Alden assumed he wanted the food wrapped so he could add it to his pocket hoard.

The System provided Alden with a helpful map to the designated lunch spot, and the long walk from the basement lab by himself was a relief. It was the first time he had been alone since he’d affixed his skill. It gave him enough space, finally, to process a few of his new experiences without being interrupted.

He strode down the hallway, his footsteps echoing off the concrete walls, and tried to sort himself out. The first thing he realized was that he was emotionally scrambled. He’d been jumping from one bizarre event to the next so fast, he didn’t know what he felt about it all.

He was in a high-stakes setting full of total strangers, and he’d been reacting to everything without really thinking it through. He needed to ground himself, so he started by trying to address the problem that freaked him out the most.

Knowing he couldn’t refuse to follow quest-related orders was bothering him way more than he’d ever imagined it would.

Nobody had even given him a command he would have objected to yet, with the possible exception of the instructions to take the various pills. But he still felt trapped. The very fact that people like Joe and Bti-qwol could control him made it hard for him to behave normally around them.

Or maybe his personal normal in this situation was vastly different than he’d assumed it would be.

I didn’t expect to be scared of them.

It wasn’t just nerves, though he’d tried to tell himself so several times.

It was fear, and it had made him hesitate to seriously argue with Bti-qwol when she shoved him onto the medical team. The fear was also why he had passively handed the frog over for execution when he probably didn’t need to.

The professor was better, but even there, the relationship was tilted. Alden had been so hyper-alert during the lab session that he felt exhausted now, and his vigilance had less to do with the students potentially creating clouds of toxic gas than it did with the fact that he was trying to anticipate Joe’s every random word and frenetic action.

He sighed and placed his palm against the activation panel for the elevator.
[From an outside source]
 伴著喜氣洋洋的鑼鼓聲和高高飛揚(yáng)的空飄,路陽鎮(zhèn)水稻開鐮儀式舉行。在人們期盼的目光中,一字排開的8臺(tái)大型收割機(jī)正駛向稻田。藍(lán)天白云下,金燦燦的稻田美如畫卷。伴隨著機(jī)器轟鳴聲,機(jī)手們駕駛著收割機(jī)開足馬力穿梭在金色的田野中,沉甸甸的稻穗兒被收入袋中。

I don’t like this version of myself.

How was he supposed to be a superhero when he couldn’t even have a heated discussion with one overzealous personnel manager?

Well…maybe it isn’t that bad. I could deal with her now, couldn’t I?
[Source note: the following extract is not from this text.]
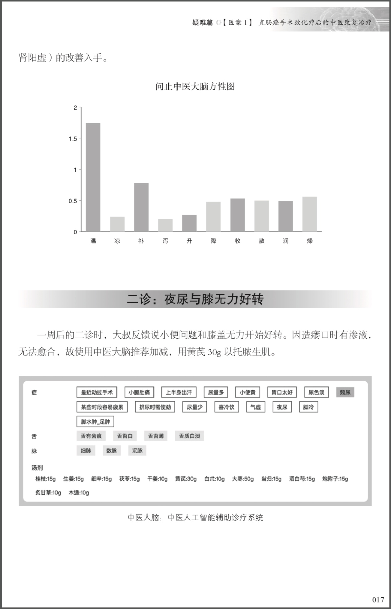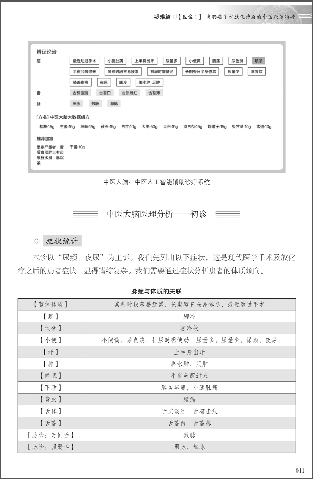 中医大脑所治疗的大量常见病症,虽然我们认为那才是中医大脑日常的表现结果,但我们在本书就不做收录了。我们另一个选取医案的原则是希望透过这则医案能让读者有所收获和启发。更多的就诊医案,我们每周通过“深圳问止中医”的公众号对外发布,也请大家阅读后向我们提出批评和指导。

He was pretty sure he couldn’t convince Bti-qwol to see reason if she appeared right this second, but he did think he could talk to her more naturally.

And he could tamp down at least some of the unwanted fear by reminding himself of all the reasons he hadn’t felt it before.

Getting summoned was something most Avowed looked forward to. He would have been, too, if he’d had just a few days to settle into his new powers first.

You had to do the work, but the work wasn’t terrible. The contract didn’t recommend you for jobs you were completely incapable of, and the Earth-Artona agreement included all kinds of concessions to human morality.

Alden wouldn’t be subjected to dangerous experimentation or deprived of the things he needed to survive. Nobody could harvest his organs or beat him or force him into their bed. Almost everything that most humans would have a serious problem with was covered.

The most obvious exception was that he could be asked to fight and die to protect citizens of the Triplanets. It was called the Interdimensional Warrior’s Contract for a reason, after all.

The Artonans’ mother planet, Artona I, and some of the resource worlds had a demon problem. It was contained-ish according to the rare bits of info that filtered down to regular people like Alden. But sometimes there were disasters, and Avowed got thrown in front of them.

That was most likely what had happened to Hannah.

The scariest thing about being summoned was the possibility of being taken to a battlefield. And that wasn’t something that many B-ranks should expect. Especially not teenage Rabbits who didn’t even have a grip on their skills.

So he could dismiss that concern. And beyond that…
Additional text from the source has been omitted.